Extracted data entries:
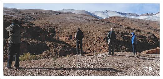 Up at for a 7.30 breakfast and an 8.00 departure. I didn't much fancy getting out early to bird around the hotel before breakfast as it was so cold and we hadn't seen much last night, so I had a fairly relaxed start to the day after a fitful night's sleep. Breakfast was the usual decent if bready spread with coffee and juice and shortly after that we were on our way to one of the potential hot spots of the trip, the Tagdilt Track, a world-renowned birding spot where we were hoping for a nice little selection of new species, especially Larks and other desert birds.
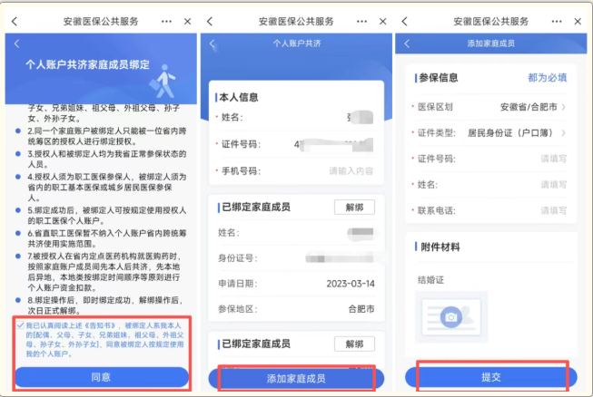 3.阅读绑定告知书后,点击同意进入。选择“添加家庭成员”,按照要求填写信息、提交材料后点击“提交”,即可完成绑定。
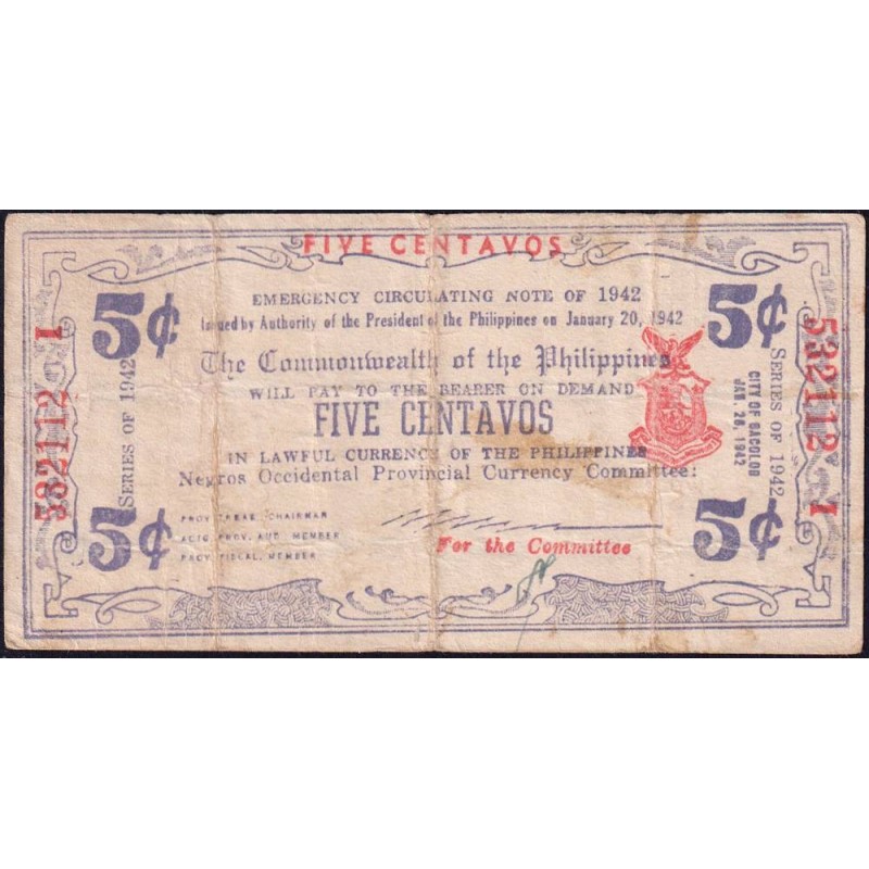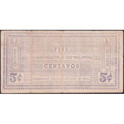 Avers : Valeur en chiffres et en lettres dans les 4 coins à l'intérieur du cadre, emblème du Commonwealth des Philippines en rouge à droite
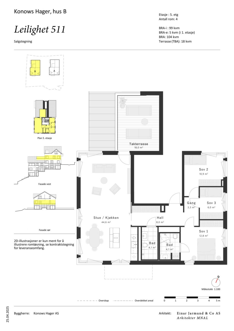 Tegninger og bilder i markedsføringsmateriell er kun illustrasjoner og kan avvike noe i forhold til plan – og fasadetegninger som vedlegges. Selger leverer ikke; innredninger, lamper, øvrig belysningsutstyr, markiser/solavskjerming, tepper, møbler og annet tilbehør, med mindre det fremgår av leveransebeskrivelse samt kontraktstegninger. 3D og VR-modellen er basert på skisser og regulert volum og kun ment som en illustrasjon. Endringer vil skje.
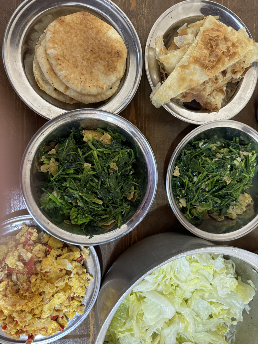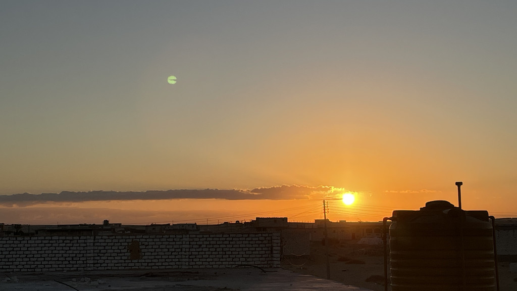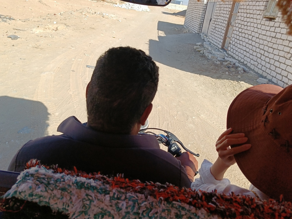 D6(10.20):马特鲁第二天。海之眼这里比较偏僻,都是还没建好的矮楼,出来后,给之前的司机打电话未接,没地址打不到车,就拿名片到处问人,问到埃及一家子,主母提议送我们去。车上聊了半天,她们也是来旅游的,同伴这个社牛又合影又聊天。回到驻地,睡了个长长的觉,起来干饭。好像图看这顿才是典型的埃餐。炉子烤的稍大些的饼,还蹭了杯甜茶喝。
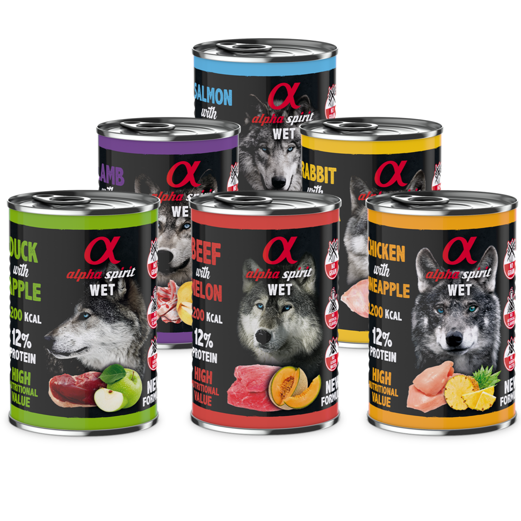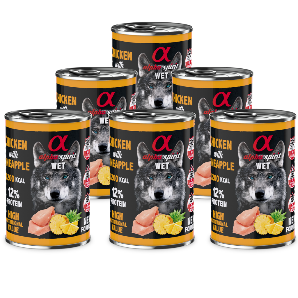 Aktionspaket bestehend aus 6 Dosen unserem leckeren alpha spirit Nassfutter 12% Protein
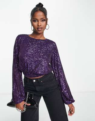 ASOS DESIGN – Lila blus med ballongärmar och paljetter
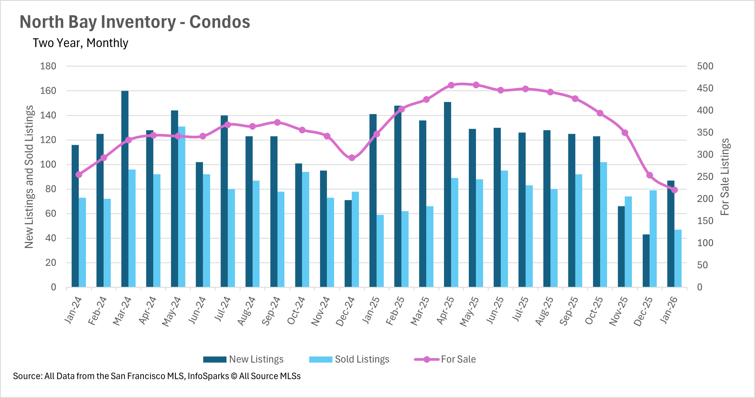 One of the biggest stories heading into 2026 is the dramatic decline in inventory across the Bay Area. After inventories built up throughout the spring and summer of 2025, the correction has been swift and severe. The North Bay saw the most dramatic contraction, with single-family home inventory plummeting 45.19% on a year-over-year basis and condo inventory dropping 36.60%. San Francisco isn't far behind, with single-family inventory down 37.82% and condo inventory down 36.94%, leaving fewer than 500 homes available for sale in the entire city. The East Bay saw declines of 18.58% for single-family homes and 20.03% for condos, while Silicon Valley's single-family inventory is down 12% year-over-year. New listings are beginning to pick up after the holiday slowdown, but they remain well below last year's levels in most markets. Until sellers begin entering the market in greater numbers, buyers will continue to face extremely limited options.
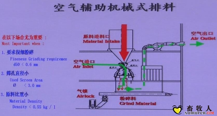 ⑷、粉碎含油高原料(如家禽下脚粉)与谷物混合后一起进行。
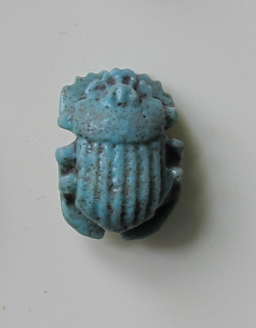 Scarabeo in faience, con raffigurazione animale, che presenta una minuziosa cura per i particolari naturalistici. Questo tipo di scarabei è tipico, anche se non esclusivo, della XXVI dinastia (672-525 a.C.).
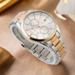 A men's watch with a quartz movement typically features a precise and reliable mechanism. The golden case paired with a white dial offers a classic and elegant aesthetic, suitable for various occasions.
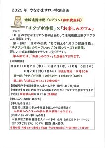 10月は、やなかまサロン特別企画として、10/2から。毎週木曜日の10時45分から、「チタプポ体操」と「お楽しみカフェ」を4回シリーズで実施します。
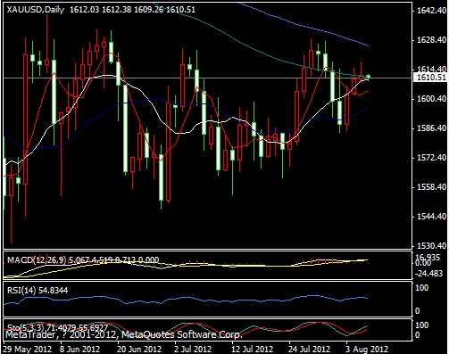 从短线四小时图看,金价自1584反弹,昨日明显出现上涨放缓,短线维持在1615下方整理,但均线仍处于多头排列向上发散,金价下方支撑较多。MACD快慢线上破0轴呈多头,红柱虽然量不大,但仍处于多头。KD高位死叉,但明显已出现钝化。金价短线内仍有上浮空间,建议低位渣单。
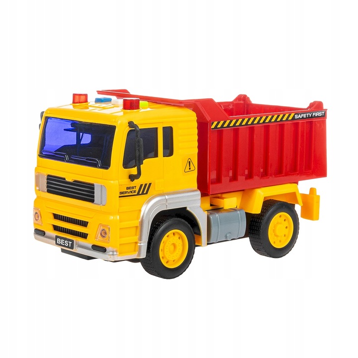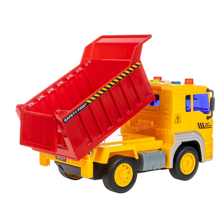 Имеет подвижный грузовой кузов. Кнопка включает звуки и световые элементы.
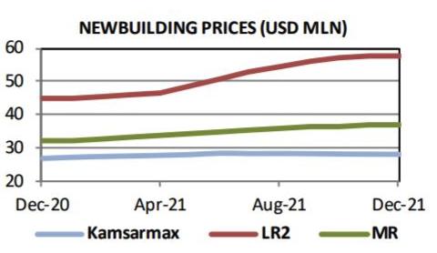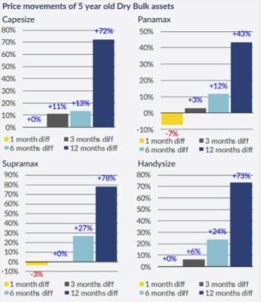 船舶经纪商Allied在其最新的周报中表示,"在过去的一周里,市场仅出现了一笔新造船订单(来自希腊的2艘海岬型船订单)。与强劲的运费收益和船东的热烈情绪相比,今年新新造船活动一直保持温和。新造船价格的上涨、船东对未来供应过剩的担忧以及船厂对其他船型(如集装箱船、天然气船等)的偏好,都是限制干散货板块新造船的主要因素,而这一趋势可能会持续到新的一年。”
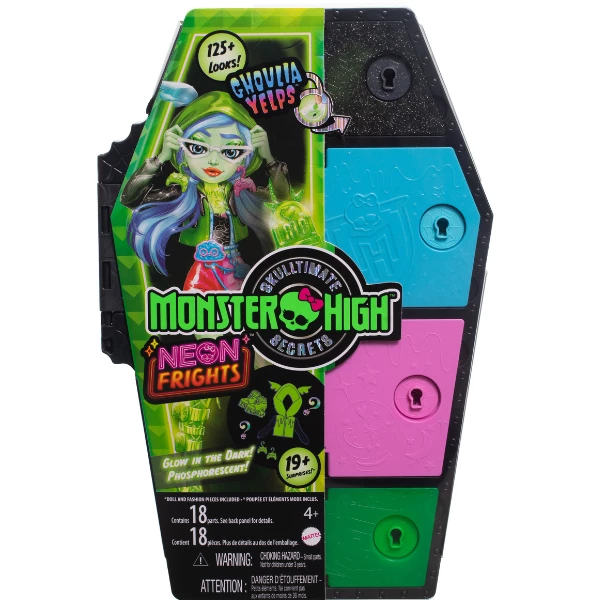 Skulltimate Secrets возвращается и светится, как никогда раньше! Откройте шкафчик куклы Ghoulia Yelps, чтобы обнаружить фэшн сюрпризы и мрачно-шикарные аксессуары в стиле Neon Frights.
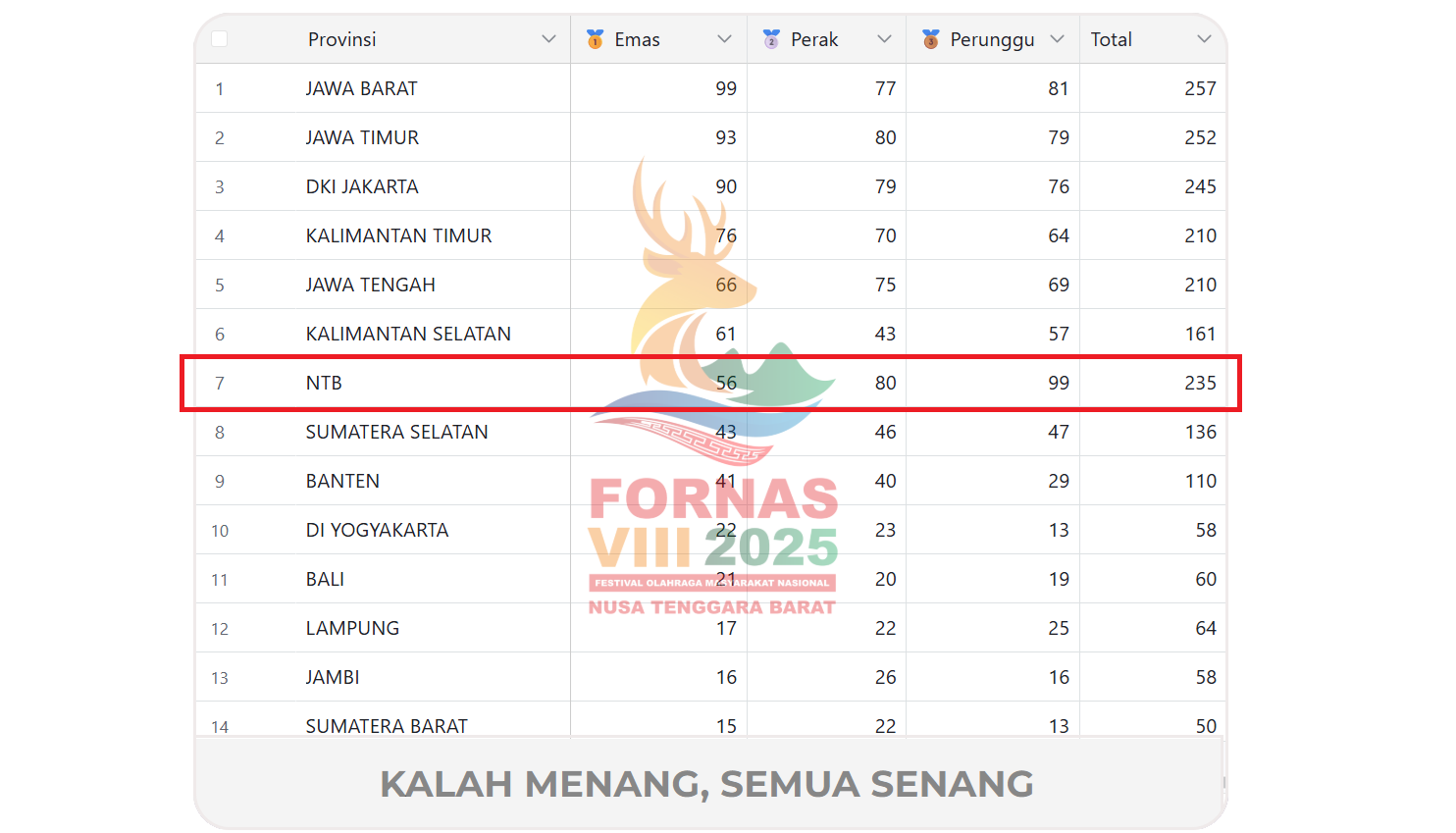 Mataram (Inside Lombok) – Sebagai tuan rumah Festival Olahraga Masyarakat Nasional (Fornas) VIII 2025, Provinsi NTB berada di posisi ketujuh dengan perolehan 234 medali. Rinciannya, berdasarkan data resmi di www.fornasviiintb.com, hingga penutupan event nasional ini NTB memperoleh 56 medali emas, 80 medali perak dan 98 medali perunggu.
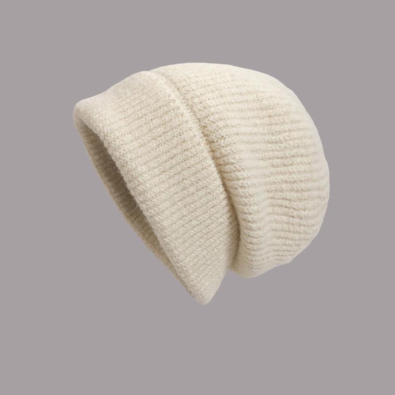 Шапка женская зимняя новая шапка из начесанной шерсти показывает маленькое лицо, модная уличная теплая вязаная шапка, защита ушей, головной убор тренд L(58-60cm) бежевый
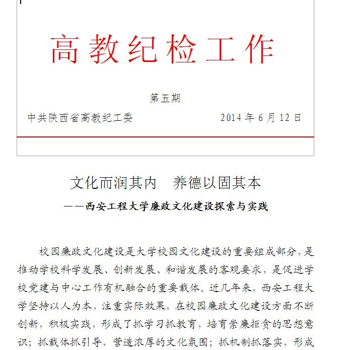 近日,我校的《文化而润其内,养德以固其本——西安工程大学廉政文化建设探索与实践》被省高教纪工委主办的《高教纪检工作》第五期全文刊发。
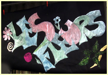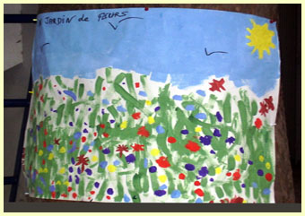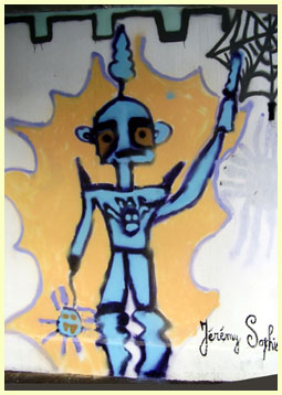 La fresque est terminée à temps pour décorer la fête. Elle déborde du projet initial. C'est tendance post-médiévale mâtinée futuriste. Il s'agit d' une oeuvre collective. Tout le monde a signé. Ce décor est indélébile et survivra longtemps |
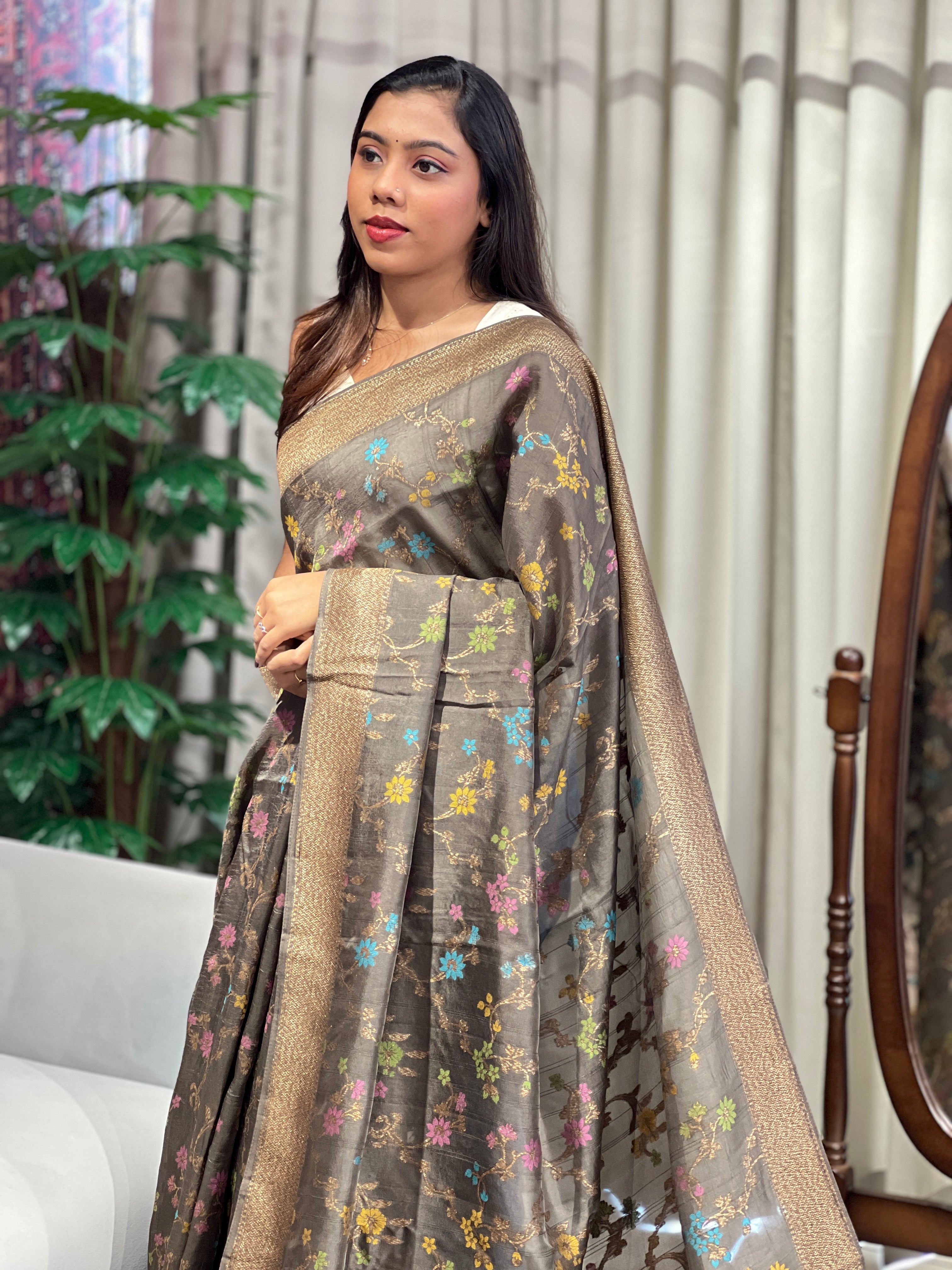 • Meenakari Patterned Semi Tussar Saree | YNG1228
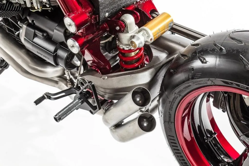 Inicialmente, a oficina não tinha a intenção de mexer nos componentes internos do motor. Em vez disso, a melhor maneira de ganhar velocidade foi reduzir o peso seco para 229 kg. Além disso, há um sistema de escape de aço inoxidável personalizado ao redor do lado esquerdo, deixando o V-twin e a transmissão do eixo totalmente expostos à direita.
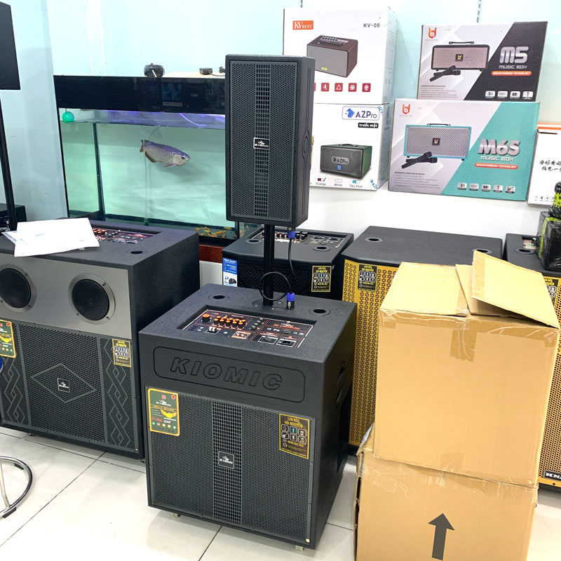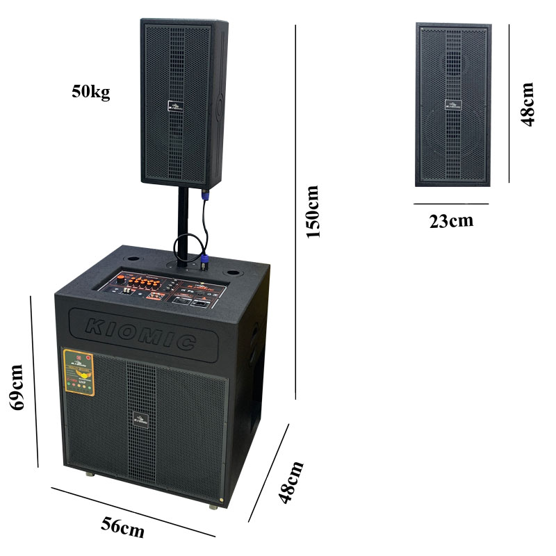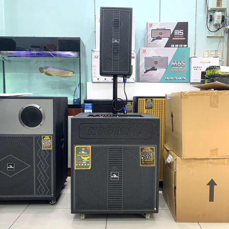 Loa kéo karaoke Kiomic K1502 chính hãng với bass 4 tấc công suất 600w thiết kế vỏ ngoài bằng gỗ màng lưới bằng kim loại, tặng kềm 2 mic không dây hát karaoke cực hay
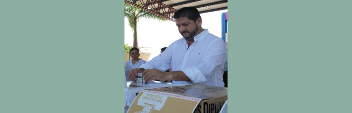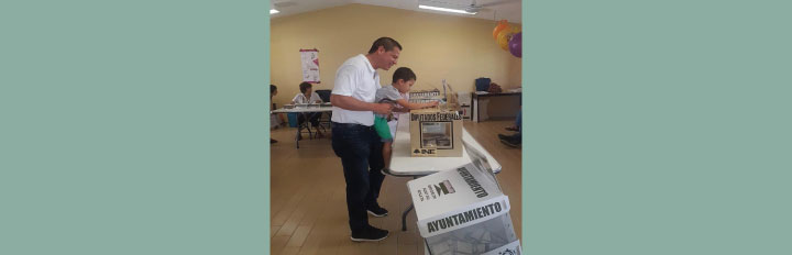 Cerón González acudió a emitir su voto en la casilla número 0377, ubicada en la escuela primaria Aquiles Serdán, en la Avenida Adolfo López Mateos número 416, en la Ciudad de Chetumal.
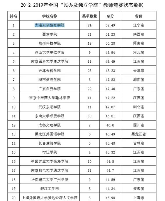 大连九州酷游信息学院在全国民办及独立学院教师教学竞赛状态数据中陆续在三年蝉联第一

HOW TO COMPLETE THIS TASK:
Your task is to transcribe, exactly and without additions, every line from the one that contains "Loa kéo karaoke" to the end of the entries above, both included. Omit all pictures.

RESULT FOR THIS TASK:
 Loa kéo karaoke Kiomic K1502 chính hãng với bass 4 tấc công suất 600w thiết kế vỏ ngoài bằng gỗ màng lưới bằng kim loại, tặng kềm 2 mic không dây hát karaoke cực hay
 Cerón González acudió a emitir su voto en la casilla número 0377, ubicada en la escuela primaria Aquiles Serdán, en la Avenida Adolfo López Mateos número 416, en la Ciudad de Chetumal.
 大连九州酷游信息学院在全国民办及独立学院教师教学竞赛状态数据中陆续在三年蝉联第一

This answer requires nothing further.